#### Material for this exercise

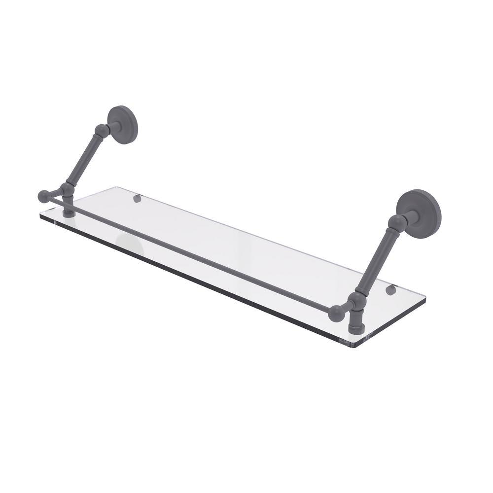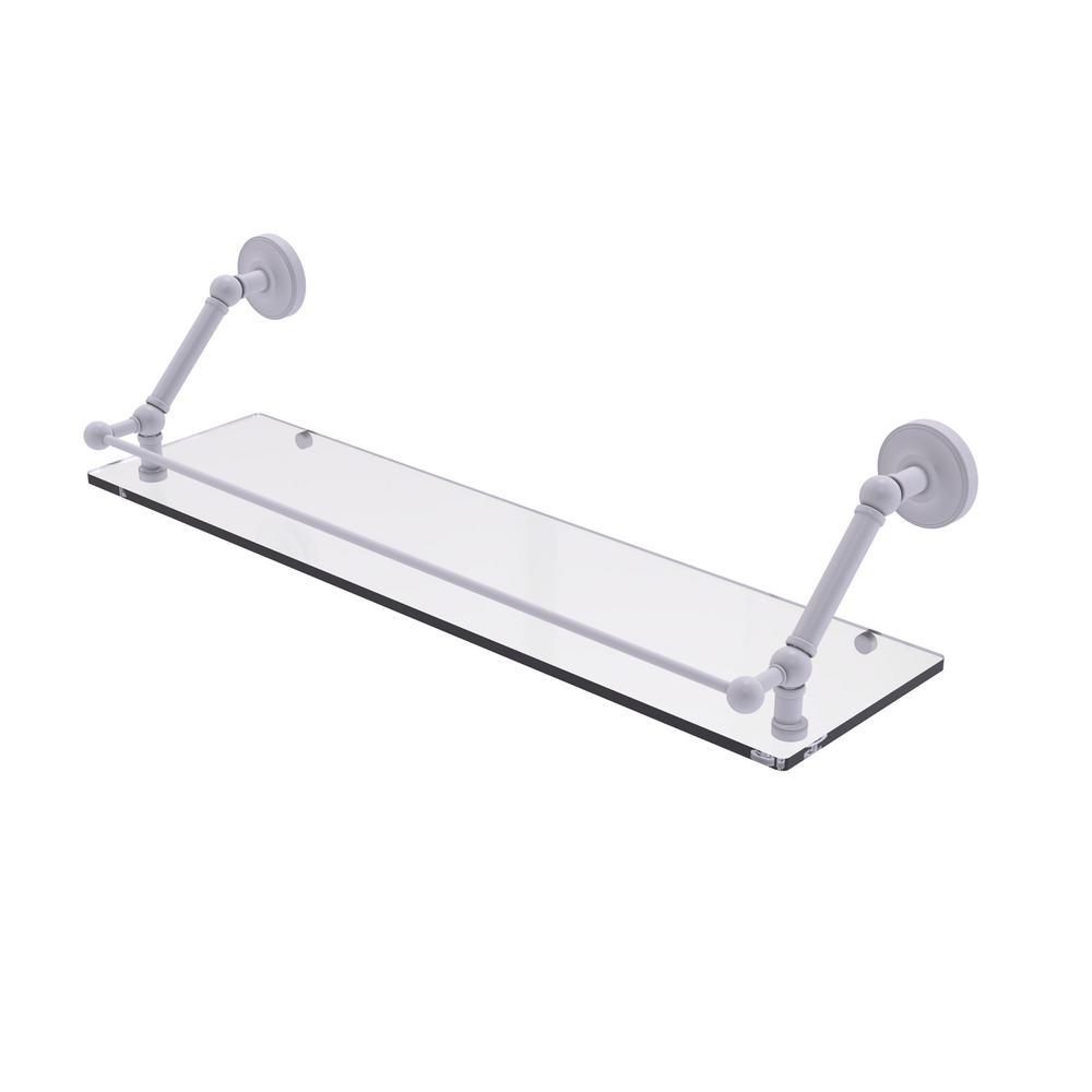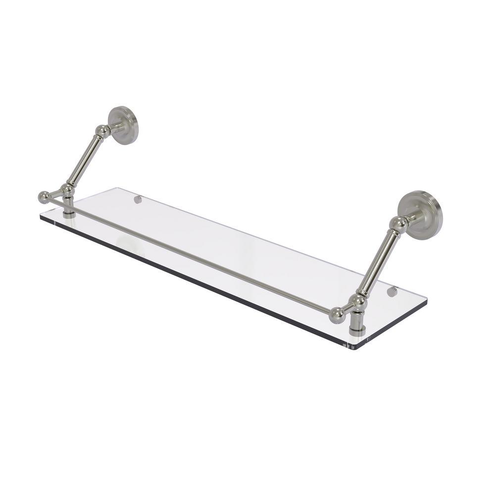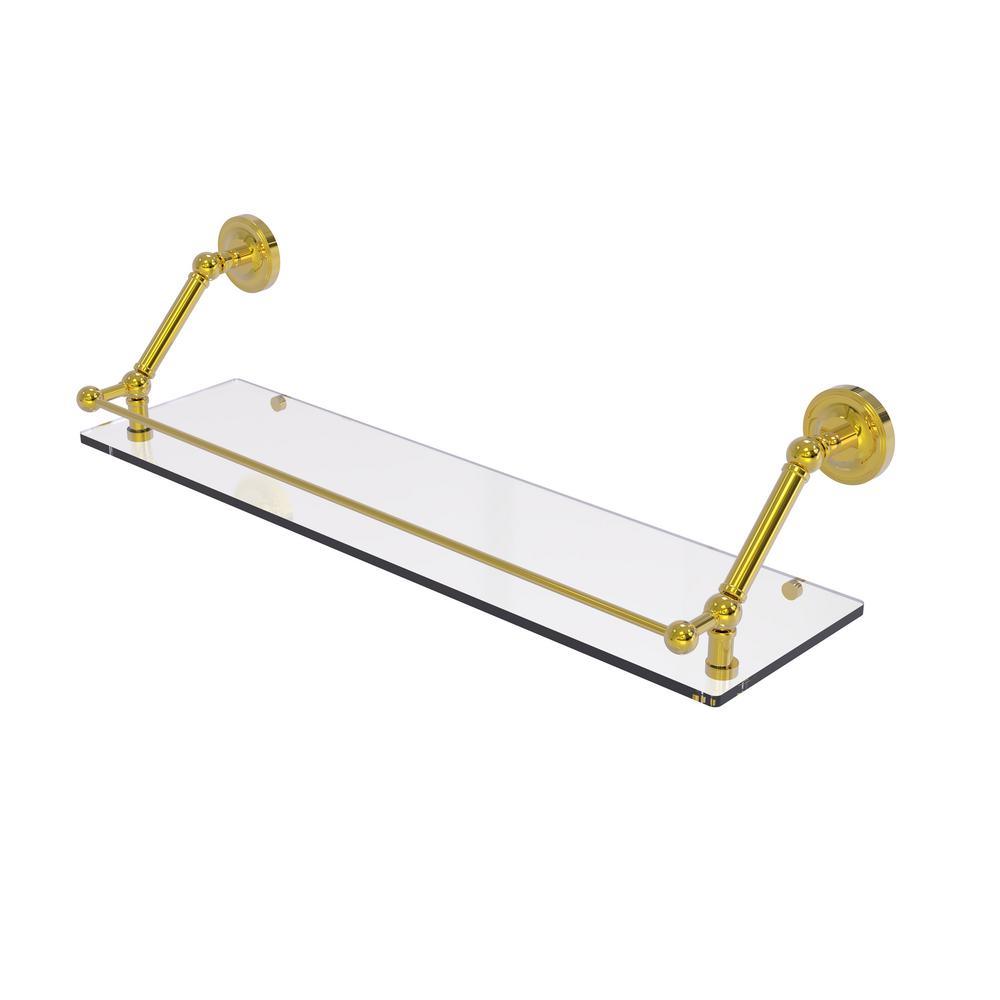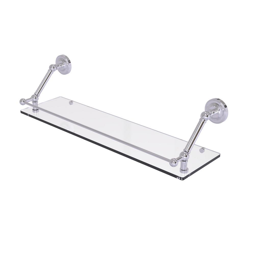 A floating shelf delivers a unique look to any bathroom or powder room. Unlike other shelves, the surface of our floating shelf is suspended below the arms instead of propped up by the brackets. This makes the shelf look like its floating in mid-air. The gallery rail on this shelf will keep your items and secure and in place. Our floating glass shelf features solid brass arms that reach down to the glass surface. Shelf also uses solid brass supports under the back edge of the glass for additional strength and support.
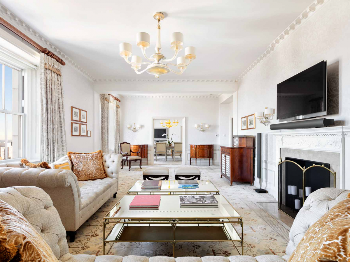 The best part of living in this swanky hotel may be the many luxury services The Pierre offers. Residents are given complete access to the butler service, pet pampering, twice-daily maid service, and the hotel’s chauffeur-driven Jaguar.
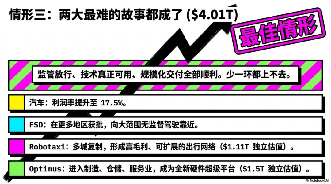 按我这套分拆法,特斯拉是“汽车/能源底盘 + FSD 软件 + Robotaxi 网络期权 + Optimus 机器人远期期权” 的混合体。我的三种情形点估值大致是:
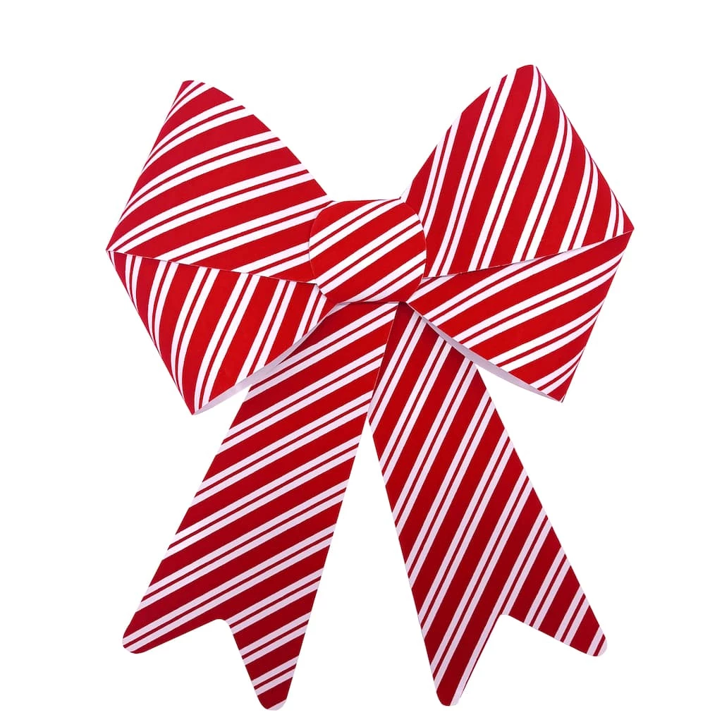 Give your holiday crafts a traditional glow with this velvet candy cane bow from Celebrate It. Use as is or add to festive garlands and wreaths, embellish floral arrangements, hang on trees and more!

########
#### Material for this exercise

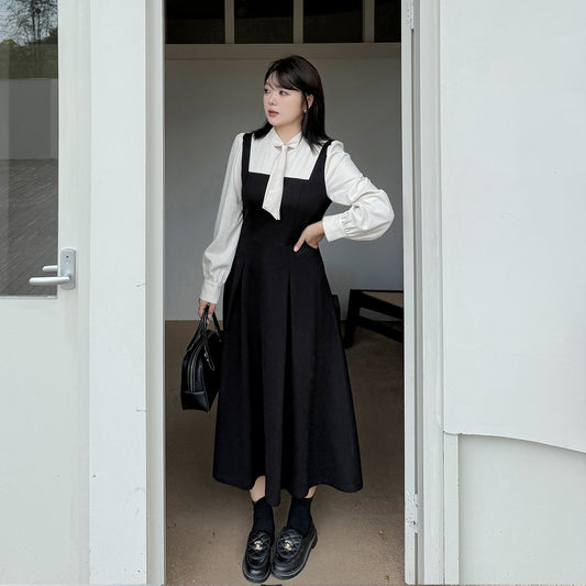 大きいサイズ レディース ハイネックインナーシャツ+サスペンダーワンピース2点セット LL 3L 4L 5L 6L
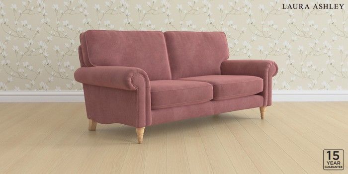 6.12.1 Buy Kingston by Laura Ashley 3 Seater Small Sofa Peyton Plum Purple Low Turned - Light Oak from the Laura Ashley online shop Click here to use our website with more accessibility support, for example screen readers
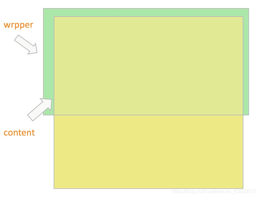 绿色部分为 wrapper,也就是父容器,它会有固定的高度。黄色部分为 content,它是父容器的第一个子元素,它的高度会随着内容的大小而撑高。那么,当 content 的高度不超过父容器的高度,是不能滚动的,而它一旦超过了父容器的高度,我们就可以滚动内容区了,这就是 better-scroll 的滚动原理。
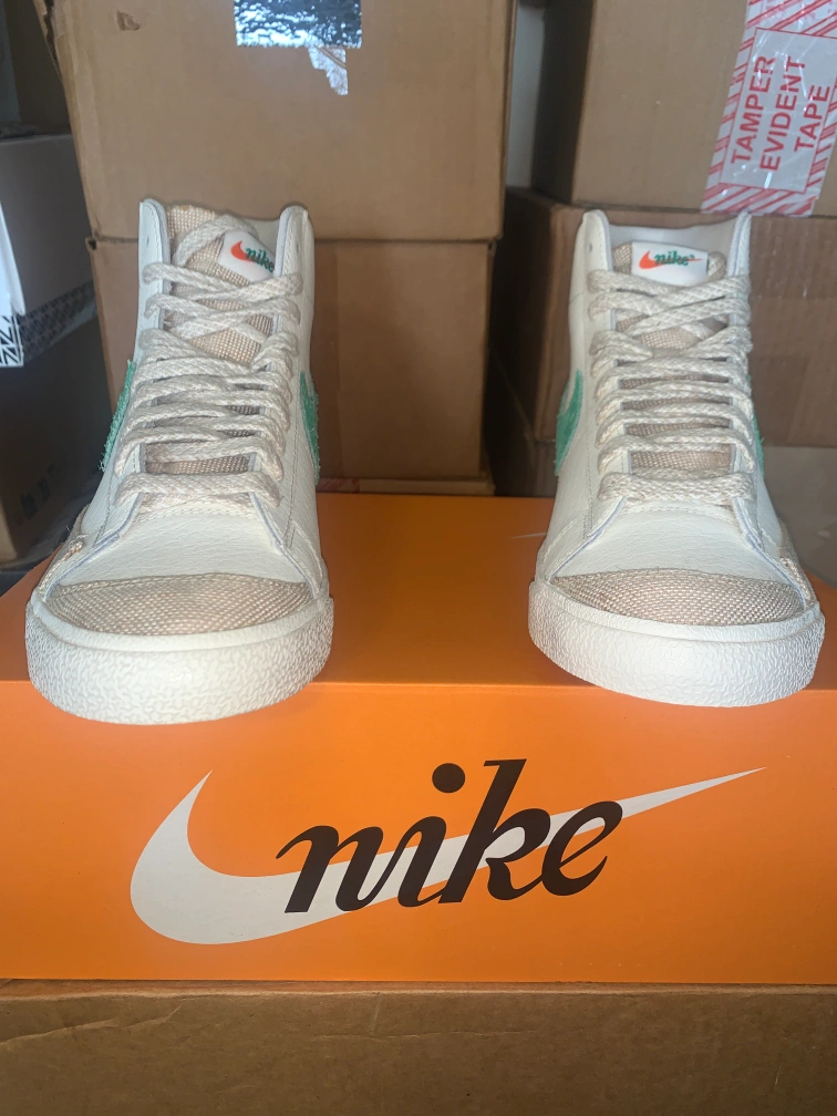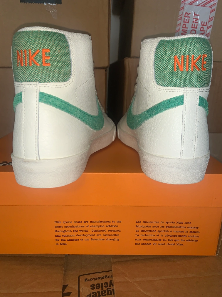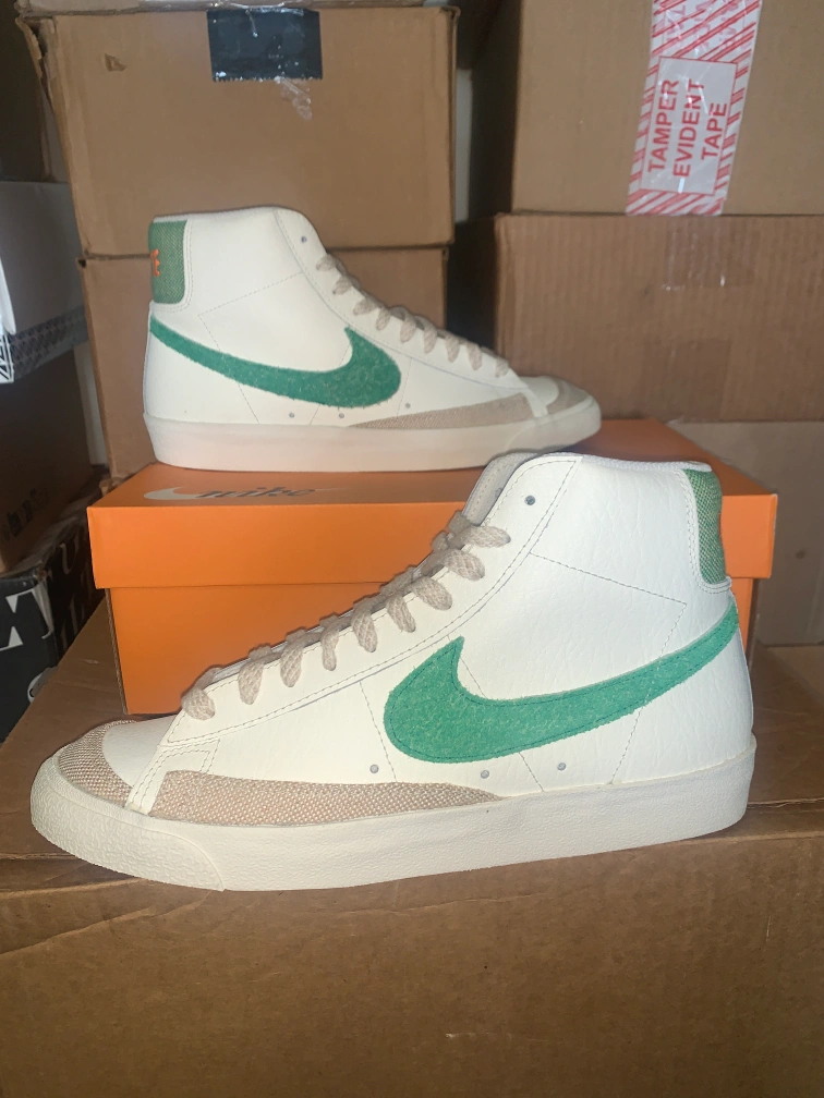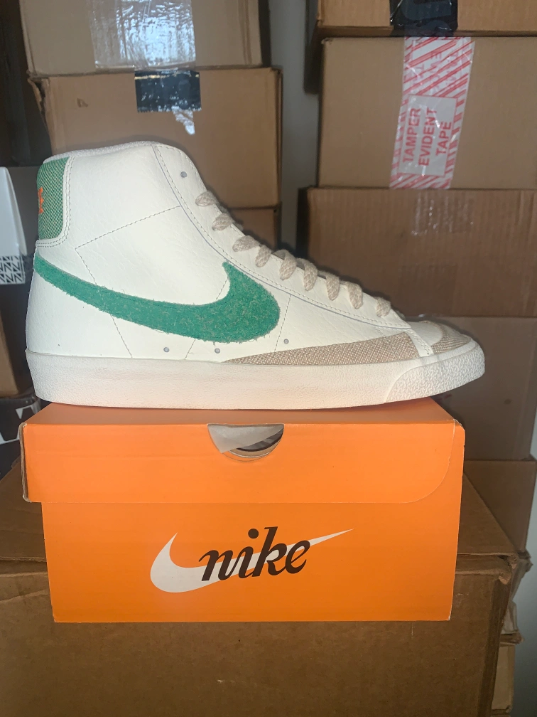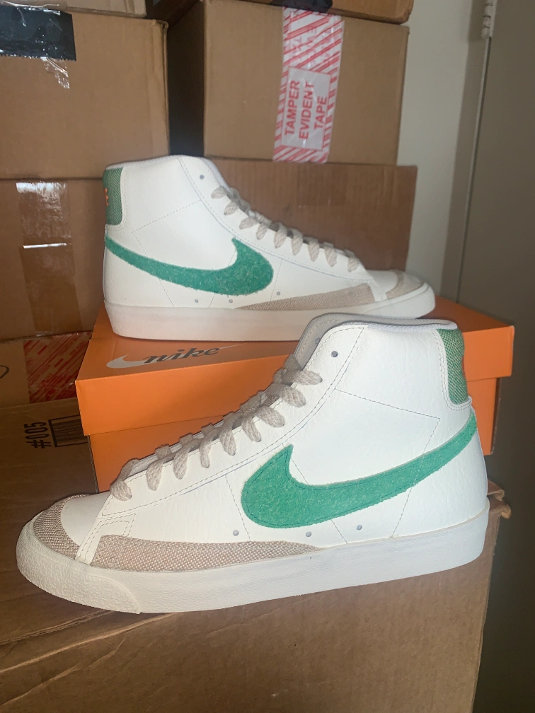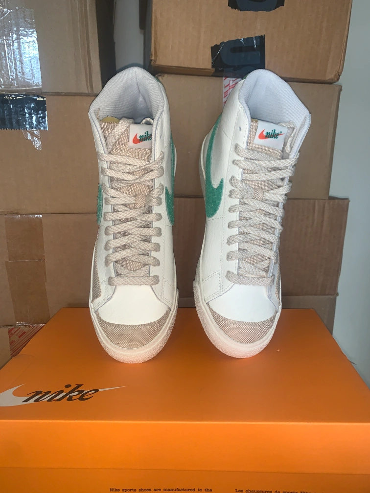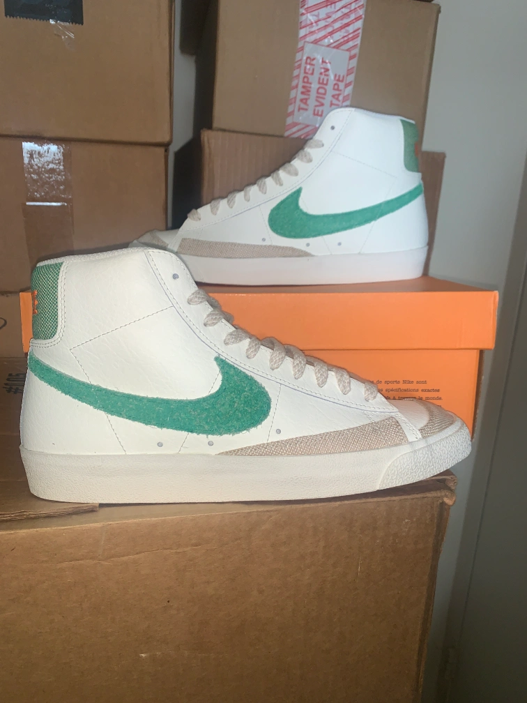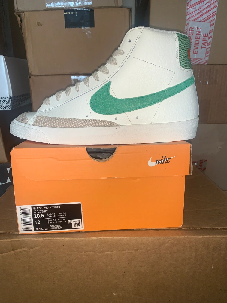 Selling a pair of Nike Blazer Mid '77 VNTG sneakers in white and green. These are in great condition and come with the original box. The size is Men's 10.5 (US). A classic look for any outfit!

########
#### Material for this exercise

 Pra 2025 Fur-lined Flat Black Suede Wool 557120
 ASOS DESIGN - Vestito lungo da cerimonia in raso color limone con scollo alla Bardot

########

The problem -
Given the records above, return the lines starting at the one that holds "A floating shelf" and ending at the one that holds "Give your holiday", exactly, and nothing besides; leave every picture out.

Written solution -
 A floating shelf delivers a unique look to any bathroom or powder room. Unlike other shelves, the surface of our floating shelf is suspended below the arms instead of propped up by the brackets. This makes the shelf look like its floating in mid-air. The gallery rail on this shelf will keep your items and secure and in place. Our floating glass shelf features solid brass arms that reach down to the glass surface. Shelf also uses solid brass supports under the back edge of the glass for additional strength and support.
 The best part of living in this swanky hotel may be the many luxury services The Pierre offers. Residents are given complete access to the butler service, pet pampering, twice-daily maid service, and the hotel’s chauffeur-driven Jaguar.
 按我这套分拆法,特斯拉是“汽车/能源底盘 + FSD 软件 + Robotaxi 网络期权 + Optimus 机器人远期期权” 的混合体。我的三种情形点估值大致是:
 Give your holiday crafts a traditional glow with this velvet candy cane bow from Celebrate It. Use as is or add to festive garlands and wreaths, embellish floral arrangements, hang on trees and more!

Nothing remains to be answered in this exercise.